Впервые было проведено изучение филогенетических связей между исследуемыми редкими образцами ампелографической коллекции, были проведены анализ главных компонент и кластеризация изученных генотипов внутри сравниваемых популяций.
Для групп изученных сортов были проведены анализы частот встречаемости аллелей в популяциях, анализ молекулярно-генетического разнообразия, рассчитаны генетические расстояния как между генотипами, так и между популяциями, в целом, а также проведен анализ главных компонентов.
Нами было установлено для каждой из групп по отдельности общее количество амплифицированных ДНК бендов, количество и процентное соотношение полиморфных полос, общая и частная статистика по использованным в исследовании праймерам.

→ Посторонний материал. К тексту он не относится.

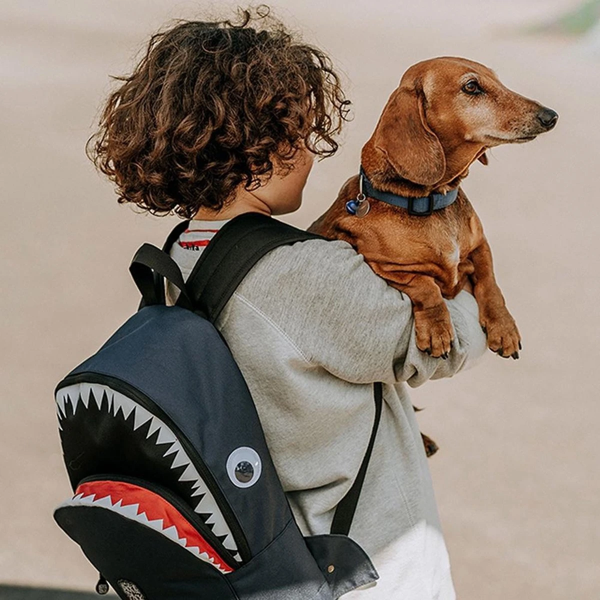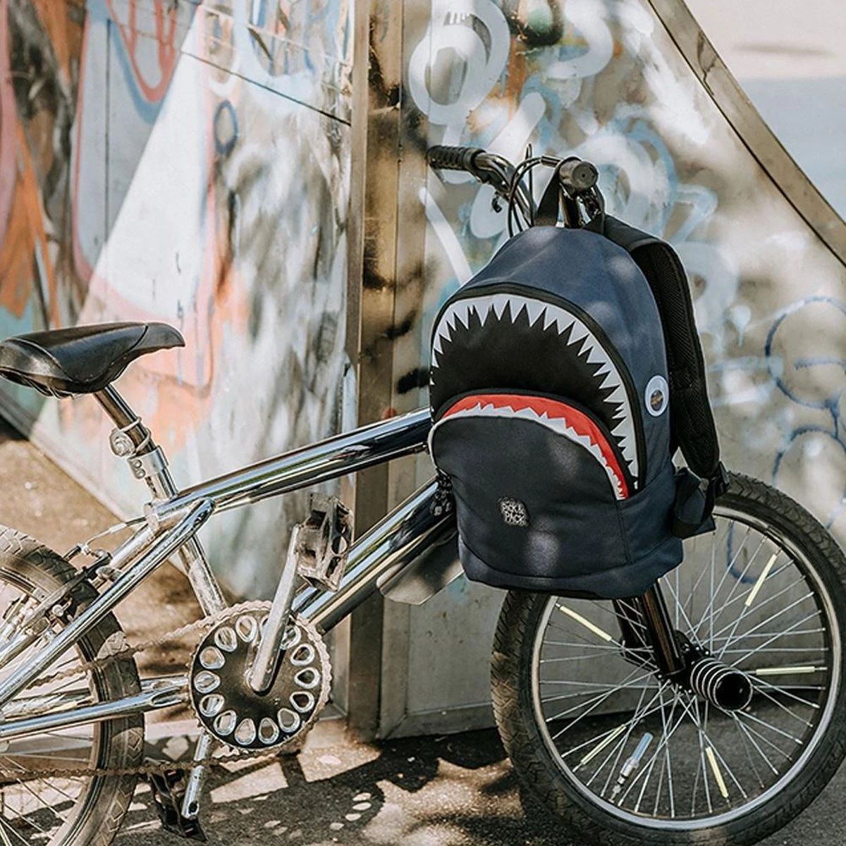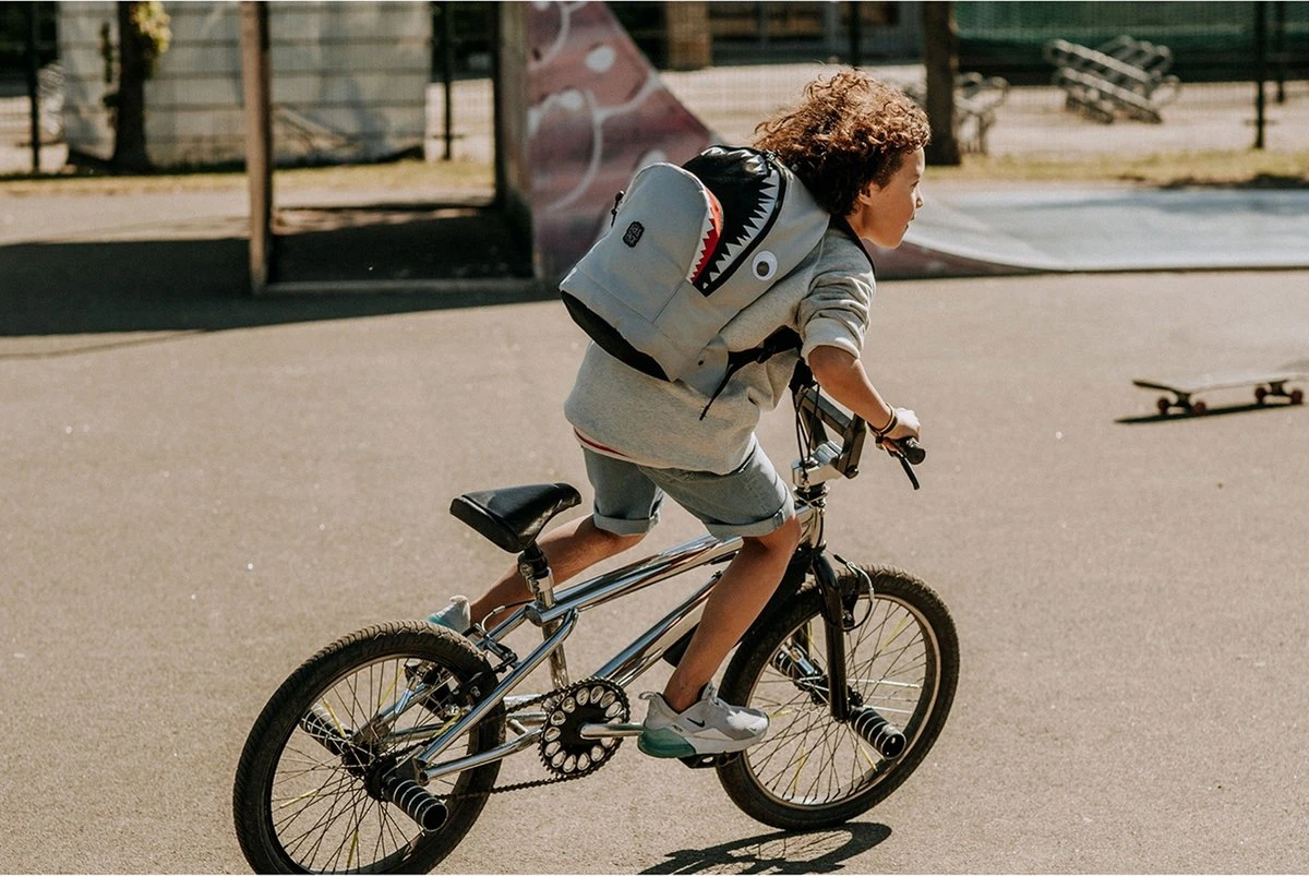 Pick & Pack rugzak in de vorm van een haai voor kinderen van 5 jaar en ouder. Dankzij het juiste formaat is de rugtas geschikt voor A4 formaat schoolspullen, een lunchbox en alle andere benodigdheden. Voorzien van een speciaal vak voor een drinkfles. Aan de binnenzijde zit een klein ritsvakje, vakje voor telefoon en een makkelijke sleutelhouder. Met daarop een adres label voor naam, adres en telefoonnummer. Makkelijk voor als de rugtas eens ergens wordt vergeten! Een apart gewatteerd vak is bereikbaar met een rits, hierin kunnen boeken of een 13inch laptop of ipad worden opgeborgen. Voorop een borstbandje om de rugzak stevig vast te maken tijdens het lopen. De rugtas is ook voorzien van kleine reflecterende details zodat je ook in het donker opvalt. Dankzij de gewatteerde schouderbanden en het ergonomische rugdeel is de tas goed door het kind zelf te dragen.
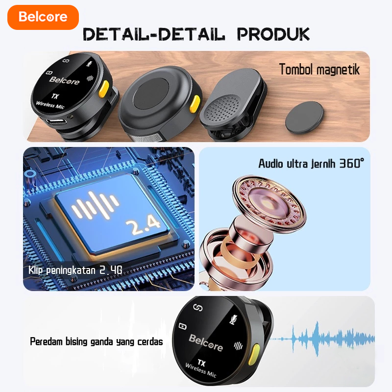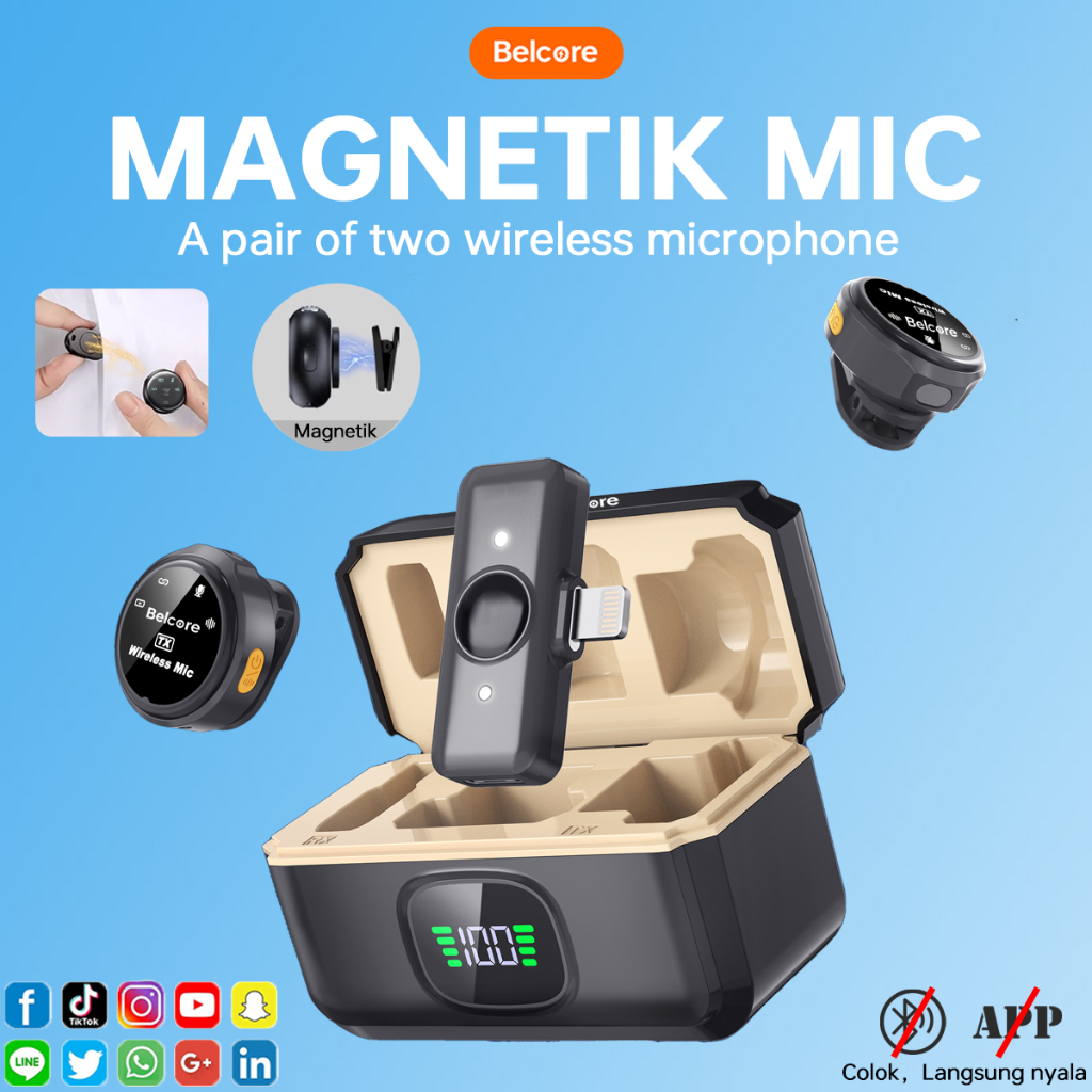 BELCORE D80 MAGNETIC WIRELESS CLIP ON MICROPHONE DUAL LAVALIER HP PLUG & PLAY LAPEL MIC WITH CHARGING CASE MIKROFON FOR
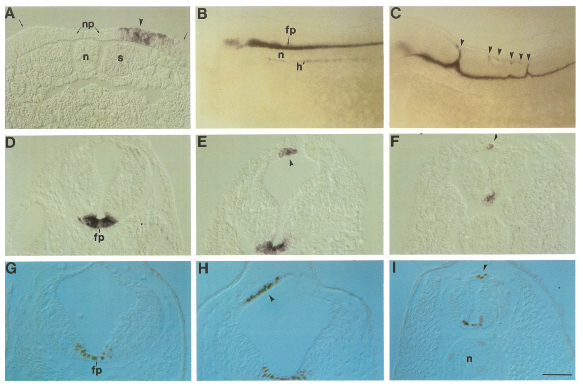 Floor plate and motor neuron induction by vhh-1, a vertebrate homolog of hedgehog expressed by the notochord.
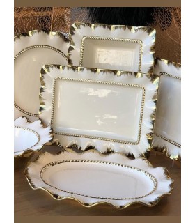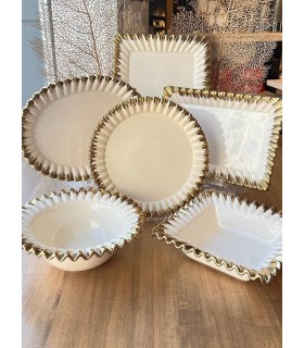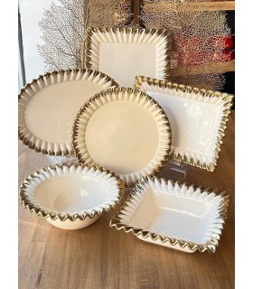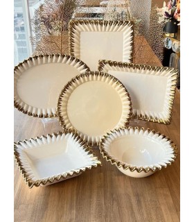 ست 6 پارچه دیس سرامیکی سفید طلایی ترک برند roy king شامل: 1 عدد دیس گرد (قطر 34 سانتی متر) 1 عدد کاسه گرد (قطر 29 سانتی متر) 1 عدد دیس مربع (26 سانتی متر) 1 عدد کاسه مربع (27 سانتی متر) 1 عدد دیس مستطیل (36x25 سانتی...
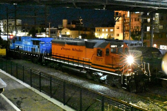 | It's late afternoon, L160 with SD40-2 PN 5577 has returned to the yard, but they apparently haven't finished with 8212. |
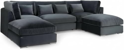 Belgravia Large U-Shape Sofa in Black Fabric | Choice of Scatter Back or High Back | Huge 6-Seater Symmetrical Corner Settee with 4 Free Extra Cushions (Black, Scatter Back)

В результате работы были подтверждены предполагаемые взаимоотношения между исследованными генотипами. В частности, как и предполагалось, было подтверждено близкое родство таких генотипов как Яй изюм розовый и Яй изюм белый, Агадаи и Гок изюм, Richter 110 и 420A, Kober 5BB
и Paulsen 1045, Будай шули и Гок ала и др., что говорит об их несомненном родстве. Также, было выявлено, что группа аборигенных сортов кластеризовалась вместе, в то время как, например, сорта интродуценты были помещены программой MEGA X в процессе кластеризации отдельно.
В результате работы нами были выявлены также и неожиданные связи между образцами. В частности, нами была выявлена связь между такими сортами как Сибирьковый и Кульджинский, которая подтвердилась как и по результатам анализа с использованием ретротранспозонов, так и с использованием микросателлитных маркеров. Также, интересным было то, что Султанина розовая и Султанина не располагались рядом, хотя и входили в один кластер.
Помимо этого, нами было проанализировано генетическое разнообразие клонов известных сортов, таких как Антоний Великий, Аркадия розовая, Долгожданный, Гелиос, Ливия и Анюта. При этом было выявлено, что у данных сортов имеется полиморфность полос ДНК, полученных с использованием ретротранспозонных маркеров, что, собственно, не является в данном случае необычным, в виду того, что использованные нами маркеры являются высоко полиморфными.